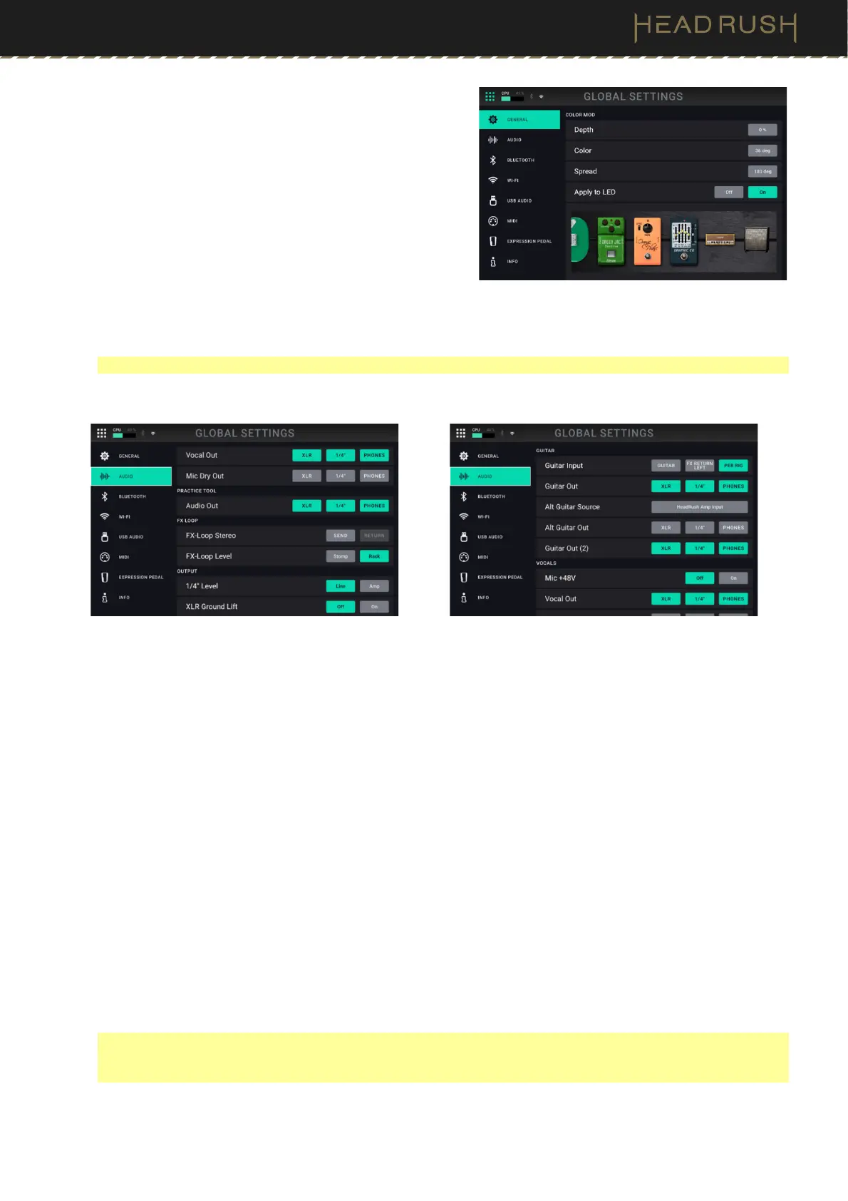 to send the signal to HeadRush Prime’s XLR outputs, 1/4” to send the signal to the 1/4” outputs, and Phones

---

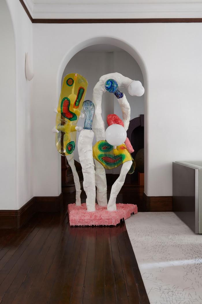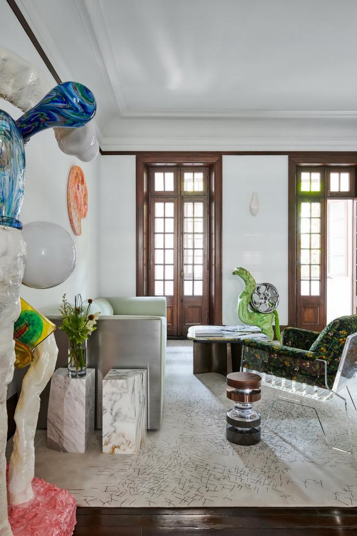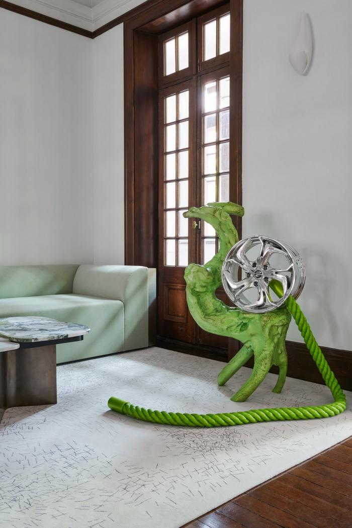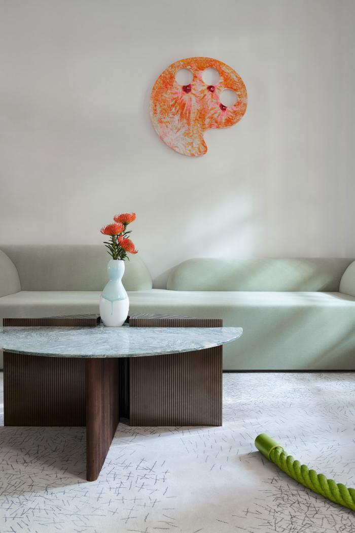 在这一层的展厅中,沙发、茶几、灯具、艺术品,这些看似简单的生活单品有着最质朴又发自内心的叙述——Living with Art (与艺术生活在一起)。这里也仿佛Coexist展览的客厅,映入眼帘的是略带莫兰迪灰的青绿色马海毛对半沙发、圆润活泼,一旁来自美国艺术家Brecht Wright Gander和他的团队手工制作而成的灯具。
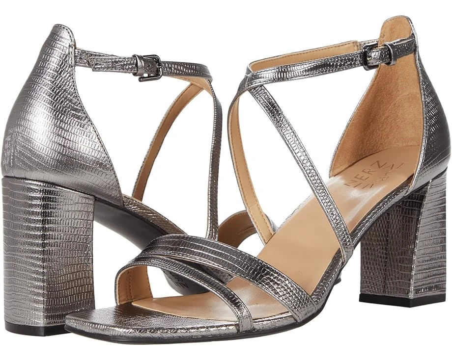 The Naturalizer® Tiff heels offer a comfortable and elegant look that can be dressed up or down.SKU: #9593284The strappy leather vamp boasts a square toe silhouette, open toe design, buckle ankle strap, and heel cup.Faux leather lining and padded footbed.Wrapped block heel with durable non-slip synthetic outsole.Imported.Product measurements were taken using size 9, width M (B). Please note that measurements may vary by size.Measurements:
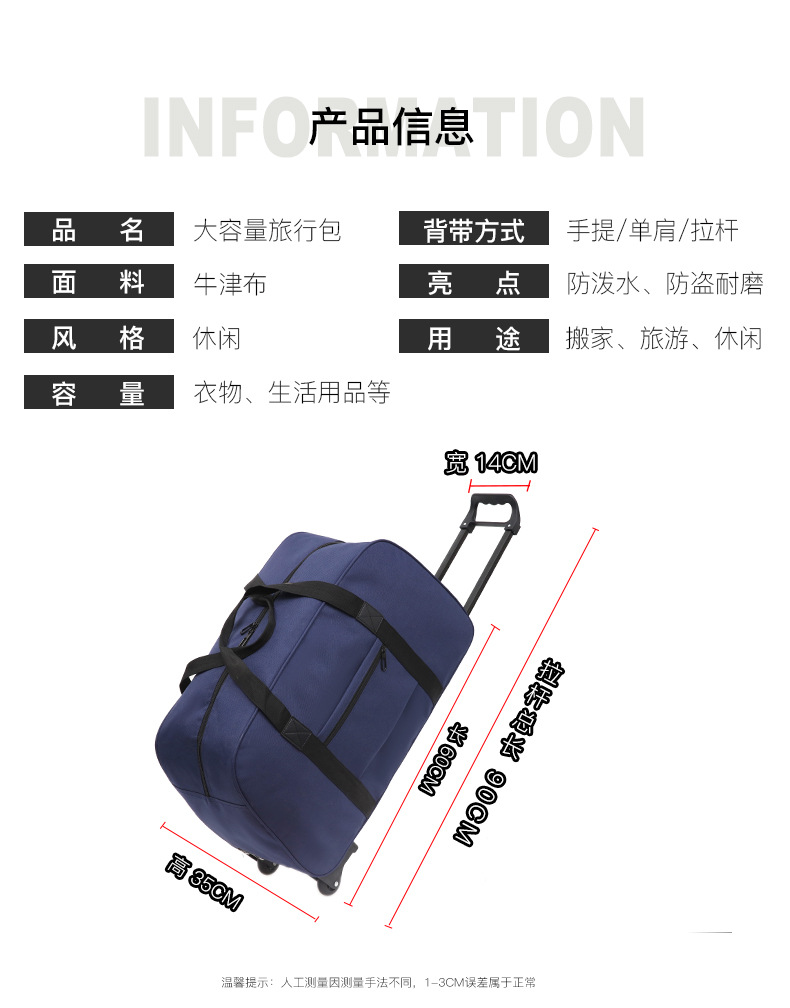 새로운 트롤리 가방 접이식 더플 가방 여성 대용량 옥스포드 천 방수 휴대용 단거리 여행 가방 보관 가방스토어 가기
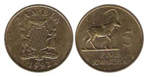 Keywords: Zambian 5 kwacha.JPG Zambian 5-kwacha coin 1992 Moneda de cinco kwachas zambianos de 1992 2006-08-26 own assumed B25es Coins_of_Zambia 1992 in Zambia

## Goal of the exercise
Start at the line containing "새로운 트롤리 가방 접이식" above and stop at the line containing "Keywords: Zambian 5". Output those lines exactly, both included, but none of the pictures.

## Answer below
 새로운 트롤리 가방 접이식 더플 가방 여성 대용량 옥스포드 천 방수 휴대용 단거리 여행 가방 보관 가방스토어 가기
 Keywords: Zambian 5 kwacha.JPG Zambian 5-kwacha coin 1992 Moneda de cinco kwachas zambianos de 1992 2006-08-26 own assumed B25es Coins_of_Zambia 1992 in Zambia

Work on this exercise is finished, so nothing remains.